The Air Force is on the verge of signing on to the Army’s concept for a new inter-service cargo aircraft capable of vertical take-offs from aircraft carriers and difficult terrain, an Army official recently said.

“I know that there’s been a lot of talk that the Air Force is not interested in this,” said Bruce Tenney, the associate director for technology at the Army’s Aviation Applied Technology Directorate. “That attitude is changing.”

The Joint Future Theater Lift (JFTL) program was born a year ago when Army and Air Force chiefs agreed to combine their respective development programs for a new intratheater cargo plane, after it had become clear that development costs alone for such a system could exceed $2.5 billion. JFTL is expected to replace the Air Force’s C-130 and to become the primary cargo hauler for the Army’s Future Combat Systems vehicles.

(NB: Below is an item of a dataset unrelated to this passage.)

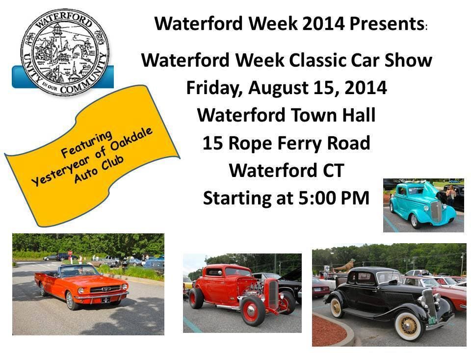 Waterford Week starts Friday, August 15, with a classic car show at 5 p.m. at Town Hall, 15 Rope Ferry Rd. Here is the rest of the schedule.

The Army had been focusing its efforts on a vertical take-off/landing aircraft, dubbed Joint Heavy Left (JHL), while the Air Force was wedded to the idea of a fixed-wing, short-takeoff/landing approach.

The services are putting the finishing touches on an initial capabilities document (ICD) that combines their requirements for the plane. Tenney said “all outstanding issues” between the services have been resolved, and officials are ready to sign on to a common solution.

One of the major drivers in leading the Air Force to accept the Army’s vision for a vertical take-off aircraft, according to Tenney, is the need for sea-basing, which “drives you to a vertical solution.” Tenney was speaking at the Institute for Land Warfare’s annual aviation conference on Jan. 9.

“I haven’t run into too many people that think we’re going to land a 250,000-pound fixed-wing aircraft on any of the ships that we’ve got,” he said.

“There have been barriers, principally from the Air Force, in agreeing to that as a requirement,” he added. “I think we’re past that now.”

Tenney said the sea-basing requirement will be included in the ICD, which he said is expected to be released one more time to the Army next week for “review and comment” before it goes to the Joint Requirements Oversight Council.

“The problem we’ve had getting the ICD to the JROC has largely been a cultural issue and has to do with the nature of how we see the use of the airplane,” Tenney explained. “The land components–the Army, the Marines and the [Special Operations] community–see this as part of the maneuver forces. And so that’s different than how the traditional airlift community has seen their role.”

He explained that the Air Force has in the past envisioned its airlift effort as one of a “point to point delivery system, where those points are very well defined, very well controlled locations.”

Tenney attributes the shift in the air service’s attitude to the leadership of its new chief of staff, Gen. Norton Schwartz. In his previous position as head of Air Force Transportation Command, Schwartz “talked about delivering that ‘last tactical mile’ for the ground forces,” Tenney explained.

“So he’s brought that leadership and perspective to the Air Force–delivery to the point of need and maneuver to austere, unimproved locations,” he said. “And it’s beginning to resonate from the top down.”

Approximately $40 million in FY ’08 and ’09 was budgeted for technology investigation and requirements definition for JFTL. The top five efforts include 11 contracts, some of which fund JHL concept refinement studies by Bell Helicopter Textron [TXT] Boeing [BA], a Karem Aircraft-Lockheed Martin [LMT] team and United Technologies [UTX] Sikorsky Aircraft.

Tenney said the inter-service differences on the project have now been resolved, and the Air Force is committed to the effort.

“They want to support the land component. This is just a different method of transport than they’ve done before,” he said. “I think the official position is…the Air Force is open to the solution set, and we’re going to go through a legitimate analysis and let the chips fall where the analysis says they should.”